The link is also good at retaining detail in low light. The sensor has an f / 1.8 aperture, but the results are more important than the specifications. You can see the difference in the image slider below, which shows how clean the link image was with the lights off in our office, along with the murky low-light image the Opal C1 was able to capture.

This slider compares similar low-light shots taken with Link (left) and C1 (right).

The gimbal enables some other features that give the link a unique advantage. There is a desktop viewing mode that directs the camera down to reveal your desk (with a slightly distorted field of view) so you can show off your gaming skills or whatever else you might want to show off. There is also an overhead mode, which tilts the camera completely downward. It is for those who mount the Link Base on a tripod parallel to the ground.

Then there’s something called Streaming Mode, which, when enabled in the program, unlocks the ability to output video in apps like OBS in mobile-friendly portrait mode (aspect ratio 16:9) at up to 4K/60fps, which should It goes well with creators who prefer to create things on their computers rather than their phones. When selecting the longer resolution in OBS, the gimbal simply rotates the camera 90 degrees. For (home) and office drones, there is a way to make it easy to show off your whiteboard. Four reusable stickers are included in the box, and when the whiteboard mode is toggled into the desktop software, it looks for those stickers as a visual guide and will stay focused on them.

Explain (oddly) how whiteboard mode works

The link does not have a privacy cover for the camera; Instead, the camera will tilt completely downward when it’s not active and then comes alive when you start using it. It’s not quite as sure a shutter solution as the physical cover might be, but it also can’t be lost or forgotten to reinstall.
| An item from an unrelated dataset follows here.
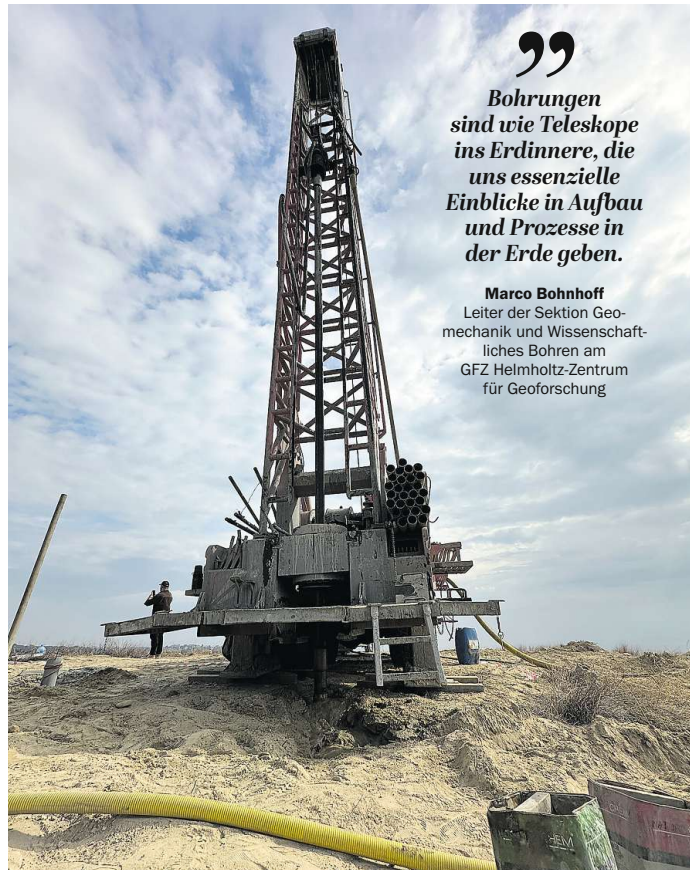
Erdbeben im Blick: Bohrung für eine von zehn Messstationen am Marmarameer nahe Istanbul

Das KTB erweiterte grundlegend unser Verständnis zur Zu-

The app offers an amazing amount of depth, but is easy to use. It’s where you can control the position of the gimbal via the digital joystick as well as the zoom level. The app allows for up to six renameable angles and presets, making it easy to snap to the correct location with the press of a button. I haven’t had much use of it, but it’s probably very useful for people who take advantage of the top view, desktop, and whiteboard modes. It switches between presets quickly, easily accessible from the on-screen toolbar that hovers when the app is minimized.

In this sectionI’m toggling between three camera location presets.

Between the Insta360 Link and the Opal C1, I’d be happy to have one on my desk for a video call in terms of fidelity, but it’s a neglect in terms of other qualifications. The Opal C1’s design looks cooler (and certainly less brittle than the Link with its pivoting arm) but I prefer the Insta360 Link’s feature set. However, the noise-cancelling mics that both offer aren’t great. I recorded the same clip from each camera, and they let in the same office companion’s voice from about 30 feet away. The Opal C1 mic sounds more natural, while the Link seems to use a stricter noise gate. The biggest difference between the two clips is that the C1 allows for very annoying 2019 Intel-based MacBook Pro fan noise, while the Link doesn’t. However, my advice is to use a dedicated microphone or headphone.

Sure, the Insta360 Link isn’t the first to offer the incredible image quality it’s a webcam, but in addition to this feat, the company has leveraged its hardware and software expertise to launch a hard-to-beat set of features for $299.99.

The Opal C1 has been my go-to recommendation for anyone wanting to step up their webcam game. But, at the same price with more features in towing and with less hassle actually buying one, the Link just took its place.